Nous devons sa traduction en français à Elise Voisin, membre de notre Conseil Scientifique. Qu’elle soit ici remerciée.
L’original est joint en fichier PDF
Dans une déclaration officielle à la presse faite après la mort d’Allende, (le coup d’État ayant été porté) Mitterrand indiquera aux médias :
« Allende acceptait les règles de la liberté telles que définies par les philosophes du XVIIIe siècle »
Par cette allocution, nous pouvons déduire qu’il y avait une notion de liberté en jeu via l’affiliation d’Allende avec certains philosophes français du XVIIIe siècle. Plus fondamentalement la où Robespierre lui poursuivrait une notion concrète de liberté, via la loi de la contre-révolution (loi où la liberté est la nécessité comprise) Allende lui n’en appliquera qu’une notion abstraite.
Pour comprendre cette association il est necessaire de comparer ou de faire se croiser ses deux personnalités de l’Histoire. Rencontre non improbable si l’on considère qu’il existe au Chili cet amalgame politique franco-espano-chilien qui est un front populaire (en théorie) et un front libéral girondin anti jacobin de facto.
Si au lieu de rester sur l’idée d’une fascination française pour Allende et d’un même desamour français vis à vis de Robespierre nous tentions au contraire de sortir de ce schéma en conjuguant les opposés - c’est-à-dire en reliant 1973 à 1793-et en considérant que nous nous trouvons face à un jacobin qui, au Chili, dans une telle fonction historique, n’existerait jamais (malgré ce que fantasmerait Vicuña Mackenna dans son œuvre Les Girondins chiliens).
La loi de la contre-révolution découverte par Robespierre (ou loi de la violence révolutionnaire ou encore de la dictature démocratique populaire), est remplacée avec Allende par une volonté qui cherche à contourner cette loi.
En effet, en contraste, si Robespierre apparaît comme la nécessité comprise de l’histoire, Allende apparaîtrait comme la négation de la nécessité et de la violence dans l’histoire.
Comprendre là ou commence l’insurrection de la bourgeoisie en 1973 commence, en parallèle, la dictature démocratique révolutionnaire en 1793
Allende à cet idéalisme qui cherche à échapper à la violence de l’histoire, avec une philosophie (de l’histoire) basée sur l’idée de l’État libéral, et où les processus sociaux ne se détiennent ni par la force ni par le corps. Allende a cette veine politique nourrie aux débuts de la révolution française, mais de la révolution française telle qu’elle a été éditée (réécrite) par les lettres libérales Girondines du XIXe siècle chilien.
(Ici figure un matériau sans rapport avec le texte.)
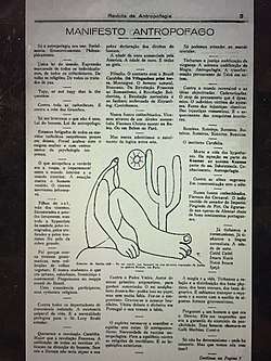 The Manifesto Antropófago (or Manifesto Antropofágico) was a statement published in 1928 by the Brazilian poet and polemicist Oswald de Andrade, an important figure in the cultural movement of Brazilian modernism. It was inspired by Abaporu, a painting by Tarsila do Amaral, a modernist artist and Oswald's wife. Read in 1928 to his friends at Mário de Andrade's house, it was published in the Revista de Antropofagia, which Oswald helped found with Raul Bopp and Antônio de Alcântara Machado, with the date "year 374 of the swallowing of Bishop Sardinha".[2][1]

Robespierre est l’Aufhebung de la révolution chilienne, ou la négation des coups de Juillet et Août 1973 : la leçon négative du blizzard du 29 juin, la conséquence qui n’a pas existé
Si Robespierre est un produit créé par la révolution qui, dans la jeunesse des processus revolutionnaires apréhende les lois comme un Adam, Allende lui est vertueusement fait du tissu d’un régime de 30 ans qui doit interpeller les masses comme exigence d’un appareil axiomatisé.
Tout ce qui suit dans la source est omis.